ACTIVITY. Only an exact repetition is needed: the lines from the start of the listing below through the line that contains "Zdjęcie przytrzymują cztery", pictures omitted.

SUPPLIED MATERIAL.
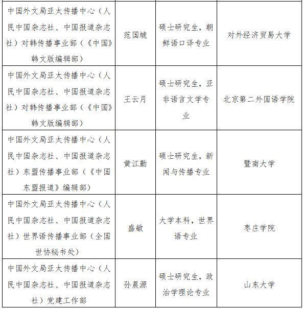 根據(jù)事業(yè)單位公開招聘工作有關(guān)規(guī)定和《中國外文局所屬企事業(yè)單位2022年度公開招聘工作人員公告》,現(xiàn)將中國外文局所屬當(dāng)代中國與世界研究院、中國對外書刊出版發(fā)行中心、中國外文局亞太傳播中心(人民中國雜志社、中國報道雜志社)2022年度擬聘用事業(yè)單位工作人員予以公示。公示期間,如有問題,請向中國外文局反映。
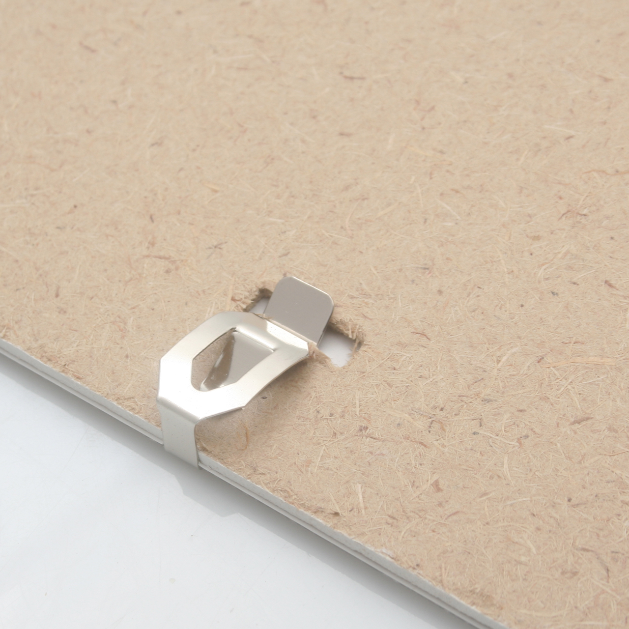 Zdjęcie przytrzymują cztery metalowe klipsy obejmujące plexi, zdjęcie i kartonowe tło.
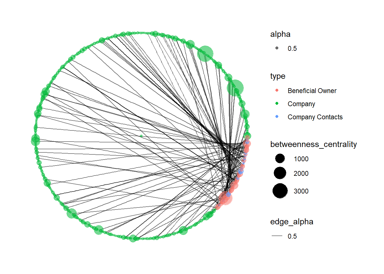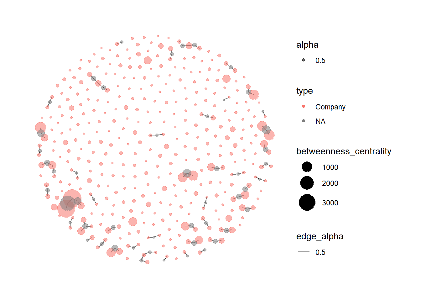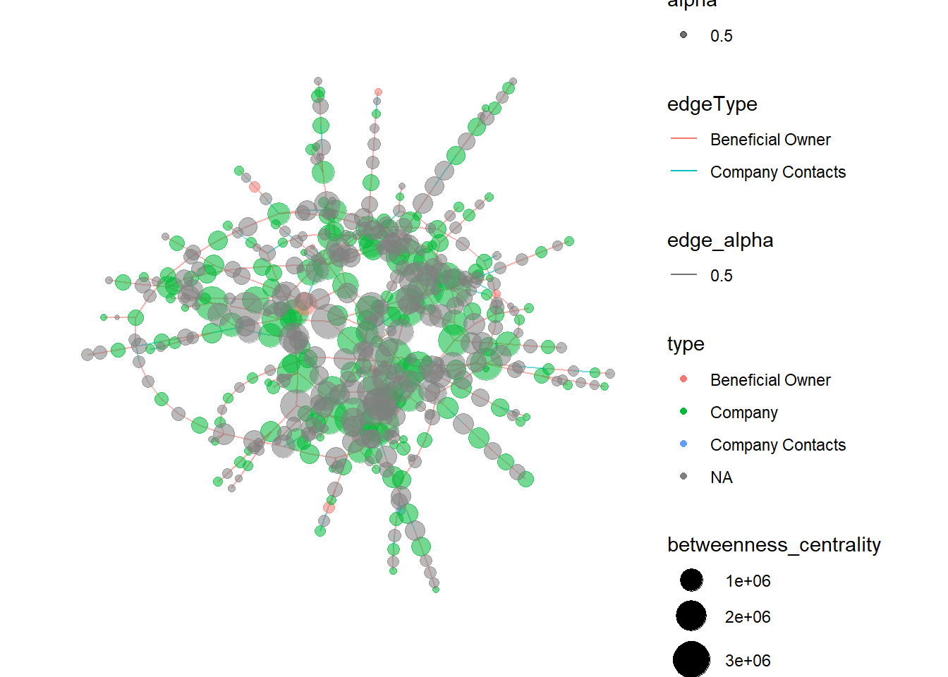 #extract all fish activy related source id5 <- MC3_edges_fishing %>%select(source, type = sourceNodeType) %>%rename(id = source)#extract all fish activity related target id6 <- MC3_edges_fishing %>%select(target, type = edgeType) %>%rename(id = target) MC3_nodes_fishNetwork2 <-rbind(id5, id6) %>%distinct() %>%left_join(MC3_nodes_clean,unmatched ="drop") mc3_graphFish2 <-tbl_graph(nodes = MC3_nodes_fishNetwork2,edges = MC3_edges_fishing,directed =FALSE) %>%mutate(betweenness_centrality =centrality_betweenness(),closeness_centrality =centrality_closeness()) mc3_graphFish2 %>%filter(betweenness_centrality >=2) %>%ggraph(layout ="as_star") +geom_edge_link(aes(alpha=0.5)) +geom_node_point(aes(size = betweenness_centrality,colour = type,alpha =0.5)) +scale_size_continuous(range=c(1,10))+theme_graph()

RESULT FOR THIS EXERCISE.
 根據(jù)事業(yè)單位公開招聘工作有關(guān)規(guī)定和《中國外文局所屬企事業(yè)單位2022年度公開招聘工作人員公告》,現(xiàn)將中國外文局所屬當(dāng)代中國與世界研究院、中國對外書刊出版發(fā)行中心、中國外文局亞太傳播中心(人民中國雜志社、中國報道雜志社)2022年度擬聘用事業(yè)單位工作人員予以公示。公示期間,如有問題,請向中國外文局反映。
 Zdjęcie przytrzymują cztery metalowe klipsy obejmujące plexi, zdjęcie i kartonowe tło.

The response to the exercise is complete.